Work instructions
Print the entries underneath word for word, omitting whatever pictures they contain.

[Stored items from a collection]
Segment Open
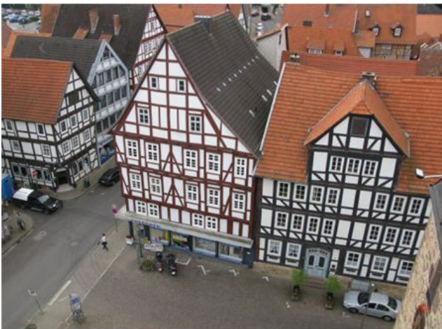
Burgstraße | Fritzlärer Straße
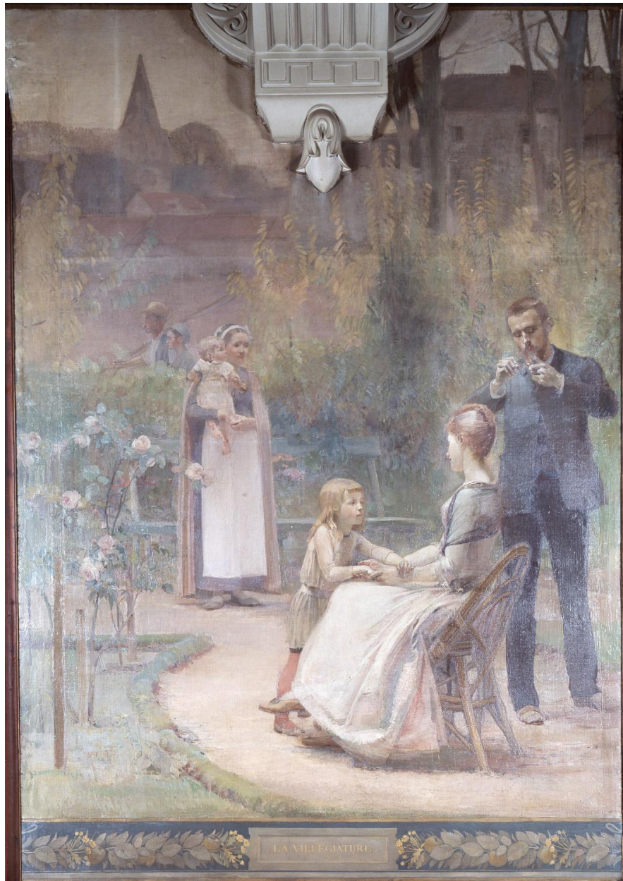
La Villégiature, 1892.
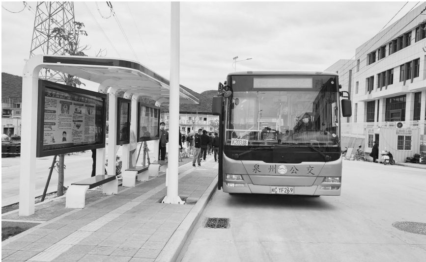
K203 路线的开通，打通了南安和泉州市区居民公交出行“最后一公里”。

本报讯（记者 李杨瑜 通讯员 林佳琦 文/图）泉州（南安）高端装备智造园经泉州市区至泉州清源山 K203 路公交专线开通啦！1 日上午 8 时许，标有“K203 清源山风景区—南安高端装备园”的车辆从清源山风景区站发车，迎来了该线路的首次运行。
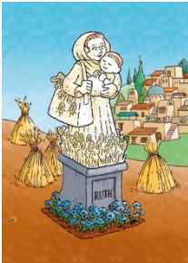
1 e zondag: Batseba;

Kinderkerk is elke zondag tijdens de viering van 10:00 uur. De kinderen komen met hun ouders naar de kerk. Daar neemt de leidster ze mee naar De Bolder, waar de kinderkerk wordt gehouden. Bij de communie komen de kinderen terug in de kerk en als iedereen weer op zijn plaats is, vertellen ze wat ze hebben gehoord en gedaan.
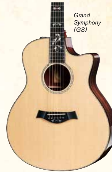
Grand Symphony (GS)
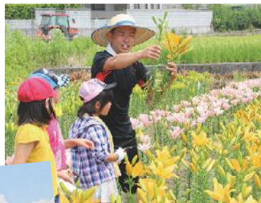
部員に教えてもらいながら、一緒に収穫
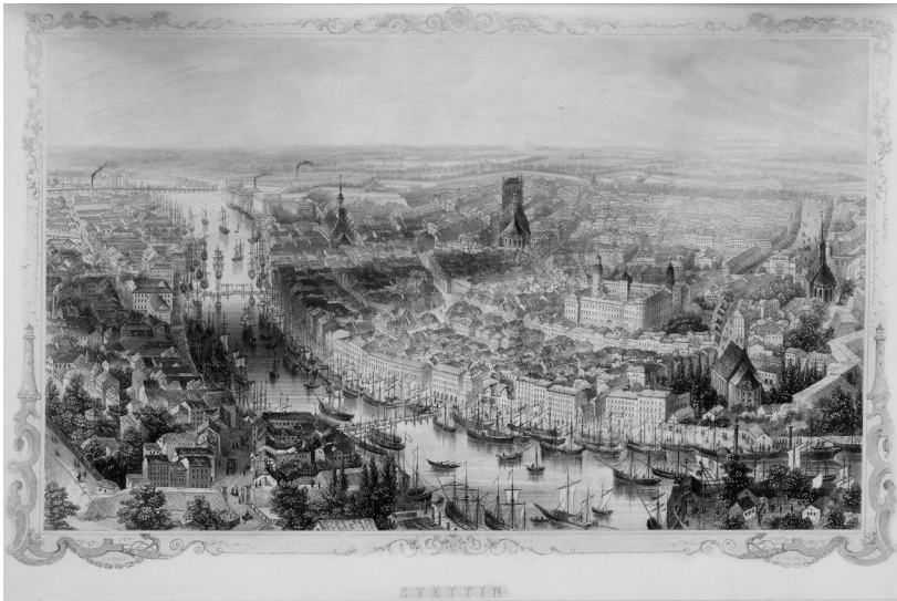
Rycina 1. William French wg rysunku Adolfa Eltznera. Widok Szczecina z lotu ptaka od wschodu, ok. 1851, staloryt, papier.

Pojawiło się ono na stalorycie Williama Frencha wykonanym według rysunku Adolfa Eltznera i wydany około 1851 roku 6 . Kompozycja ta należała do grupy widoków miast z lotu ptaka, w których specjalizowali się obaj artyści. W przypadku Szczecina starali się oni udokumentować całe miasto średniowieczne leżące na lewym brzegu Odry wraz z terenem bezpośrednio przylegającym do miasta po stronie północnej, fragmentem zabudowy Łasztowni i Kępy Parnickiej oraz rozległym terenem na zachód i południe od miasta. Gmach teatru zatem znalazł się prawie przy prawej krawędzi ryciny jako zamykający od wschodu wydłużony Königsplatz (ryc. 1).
Segment Closed
Solved problem
Burgstraße | Fritzlärer Straße
La Villégiature, 1892.
K203 路线的开通，打通了南安和泉州市区居民公交出行“最后一公里”。

本报讯（记者 李杨瑜 通讯员 林佳琦 文/图）泉州（南安）高端装备智造园经泉州市区至泉州清源山 K203 路公交专线开通啦！1 日上午 8 时许，标有“K203 清源山风景区—南安高端装备园”的车辆从清源山风景区站发车，迎来了该线路的首次运行。
1 e zondag: Batseba;

Kinderkerk is elke zondag tijdens de viering van 10:00 uur. De kinderen komen met hun ouders naar de kerk. Daar neemt de leidster ze mee naar De Bolder, waar de kinderkerk wordt gehouden. Bij de communie komen de kinderen terug in de kerk en als iedereen weer op zijn plaats is, vertellen ze wat ze hebben gehoord en gedaan.
Grand Symphony (GS)
部員に教えてもらいながら、一緒に収穫
Rycina 1. William French wg rysunku Adolfa Eltznera. Widok Szczecina z lotu ptaka od wschodu, ok. 1851, staloryt, papier.

Pojawiło się ono na stalorycie Williama Frencha wykonanym według rysunku Adolfa Eltznera i wydany około 1851 roku 6 . Kompozycja ta należała do grupy widoków miast z lotu ptaka, w których specjalizowali się obaj artyści. W przypadku Szczecina starali się oni udokumentować całe miasto średniowieczne leżące na lewym brzegu Odry wraz z terenem bezpośrednio przylegającym do miasta po stronie północnej, fragmentem zabudowy Łasztowni i Kępy Parnickiej oraz rozległym terenem na zachód i południe od miasta. Gmach teatru zatem znalazł się prawie przy prawej krawędzi ryciny jako zamykający od wschodu wydłużony Königsplatz (ryc. 1).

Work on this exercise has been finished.